Но, видимо, от судьбы не убежишь. В один из дней к лекарне подкатил возок, из которого выбрался священник, и, видимо, – не из простых. Клобук на голове шелком обтянут, на шее – золотой крест изрядных размеров, инок или простой насельник под руку его поддерживает.

Священник в коридоре очередь занял, не желая лезть наперед. Однако же пациенты, уважая сан, пропустили его вперед.

Священник вошел, повернулся сначала к иконам в красном углу, осенил себя крестным знамением, поклон ликам Христа и Богородицы отбил. Потом к Никите повернулся:

– Ты ли лекарь Никита будешь?

– Он самый. Садись, святой отец. Что привело тебя ко мне?

– Да что и всех – болезни. Наслышан я о тебе давно от мирян, теперь вот сам приехал. Замучили меня ноги! Службу иной раз с трудом до конца доведу.

– А где служишь?

– В храме Успенья Пресвятой Богородицы в Печатниках. Иосиф я.

Никита припомнил – проходил он как-то мимо. Храм в самом центре города располагался, на Никольской улице, в Китай-городе. Рядом – пушкарская слобода, хоромы князей Вяземских – Петра и Бориса, князя Гаврилы Островского. Понятно теперь, почему священник таким лощеным выглядит, бородка маслом лампадным умащена, расчесана.

– Ну вот и познакомились. Показывай ноги, батюшка, будем смотреть твою болячку.

С первого же взгляда Никите стало понятно – у священника подагра. Суставы больших пальцев ног деформированы, красные.

– Свинину ешь ли?

– Грешен.

– Нельзя тебе свинину, батюшка. И ноги парь в солевом растворе. Ложку соли на две кружки горячей воды, в шайку наливай и держи в ней ноги с полчаса.

– Так мясо совсем нельзя?

– Почему? Свинину нельзя, забудь о ней до конца жизни. А курятину, говядину – не возбраняю.

– И все?

– Пока да. Жду тебя через месяц. В свою очередь, вопрос у меня. Хочу в монастырь уйти.

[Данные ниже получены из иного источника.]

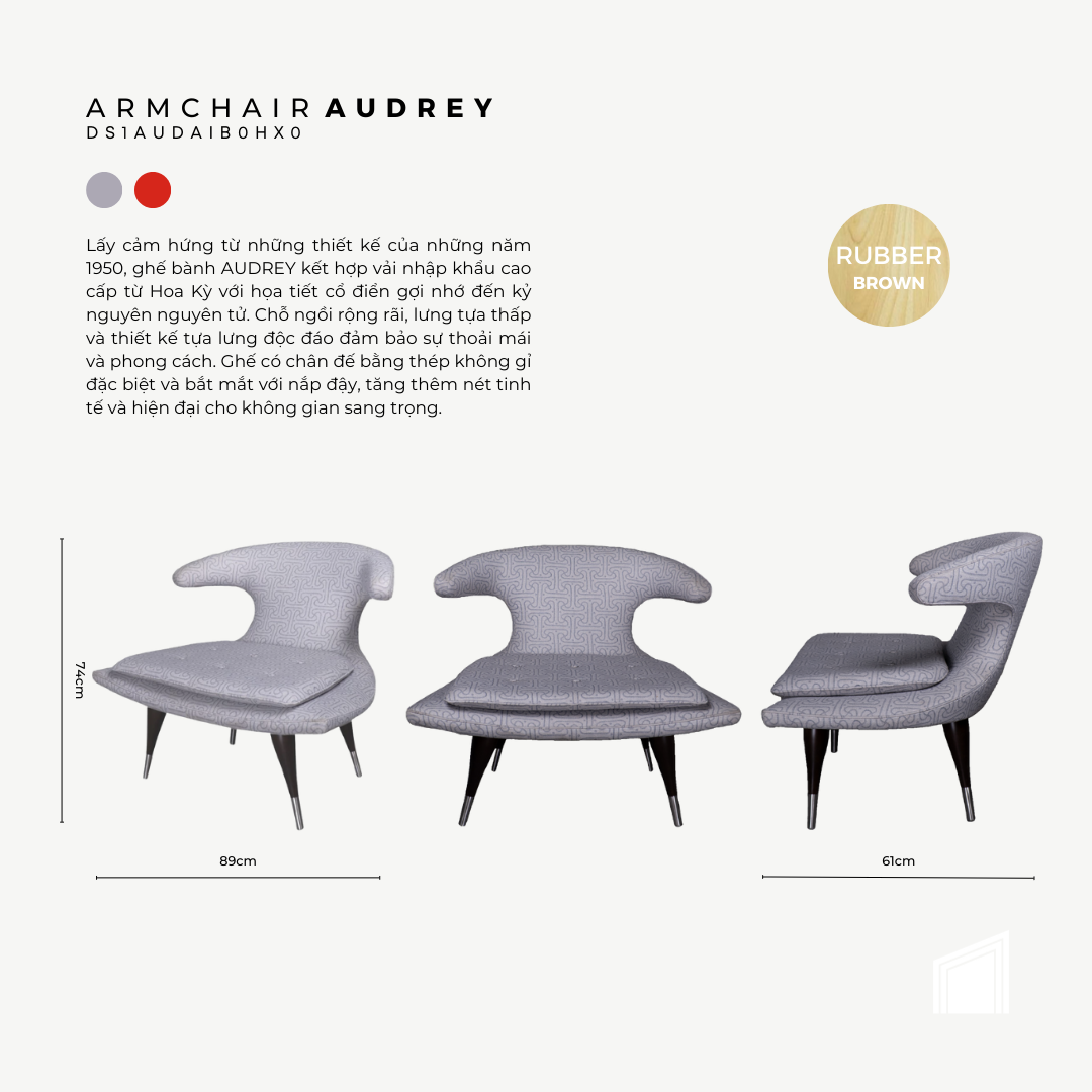 Lấy cảm hứng từ các thiết kế của thập niên 1950. Vải bọc cao cấp nhập từ Mỹ có hoa văn kỷ hà là sự phối hợp đồng điệu với thiết kế như 1 nguyên tử của chiếc ghế bành Audrey này. Mặt ngồi rộng rãi, cao ngồi có độ dốc thấp và kiểu lưng tựa độc đáo nhưng không kém phần thoải mái khi sử dụng, các yếu tố này kết hợp với kiểu chân khác lạ có gắn chụp bằng stainless steel tạo nên một điểm nhấn khác biệt cho không gian sang trọng mang hơi thở đương đại của gia chủ.

– Ты же молод, ремесло у тебя чудное, людям страдания тяжелые облегчаешь. Зачем от мира уходить?

– Жена и теща от моровой язвы умерли, пока я в смоленском походе был.

– Слышал я, как ты государя спас. Господь тебя талантом наградил, чтобы через твои руки пользу людям приносить. Думаю – сгоряча ты, от отчаяния. Боль утраты и обида в тебе говорят, а не желание Господу жизнь посвятить.

– Истинно говоришь.

– В Москве от моровой язвы много народу померло, иные улицы совсем обезлюдели. Так что, всем уцелевшим – в монастырь? В Чудовом монастыре из ста восьмидесяти двух монахов шестнадцать в живых осталось, а в Вознесенском женском из девяноста монахинь – только тридцать восемь. Не миновала сия участь и клир. В монастырь идут, когда есть настоятельная потребность служению Богу отдать себя целиком. А ты не служить хочешь, а от мира укрыться.

– Наверное, так. – Никита был удивлен тем, как быстро смог разобраться в его душе доселе незнакомый ему человек. – И что ты мне посоветуешь?

– Время лечит. Приходи ко мне в храм, поговорим, молитвы почитаем. Глядишь – душа и успокоится.

Священник поднялся, поблагодарил Никиту, перекрестил его тремя перстами и, тяжко ступая, вышел.

Несколько дней Никита размышлял над услышанным. Вспоминал каждое слово Иосифа, прикидывал – прав ли он? И через неделю, окончив прием, сразу направился в храм, благо – идти было не очень далеко.

Долго беседовали они в небольшой комнате за алтарем. Никита ушел успокоенным, а через неделю снова пошел в храм. И как-то эти беседы вскоре вошли у него в привычку, раз в неделю он обязательно наведывался к Иосифу.

Беседы приносили обоюдную пользу, священник узнавал много нового, даже заимствовал кое-то. И уже весной Иосиф спросил:

– Успокоилась ли твоя душа, Никита?

– Вроде бы, но все равно иногда мысли о монастыре посещают.

Иосиф хмыкнул:

– Вот что, Никита, человечий сын. Есть у меня дальний родственник, настоятель Свято-Преображенского монастыря, что в Астрахани. Монастырь небольшой, шестьдесят иноков всего. Коли не передумал – напишу я настоятелю Михаилу письмо. Езжай, побудь послушником. Лето на носу, путешествовать сподручно будет. Постриг принять никто тебя принуждать не будет. Наложат послушание, будешь жить монашеской жизнью. Понравится, поймешь, что твое это, – пострижешься. А нет – вернешься назад. Лекарню за собой оставь. Разрушать налаженное легко и просто, восстановить иногда невозможно. А так – будет, к чему вернуться.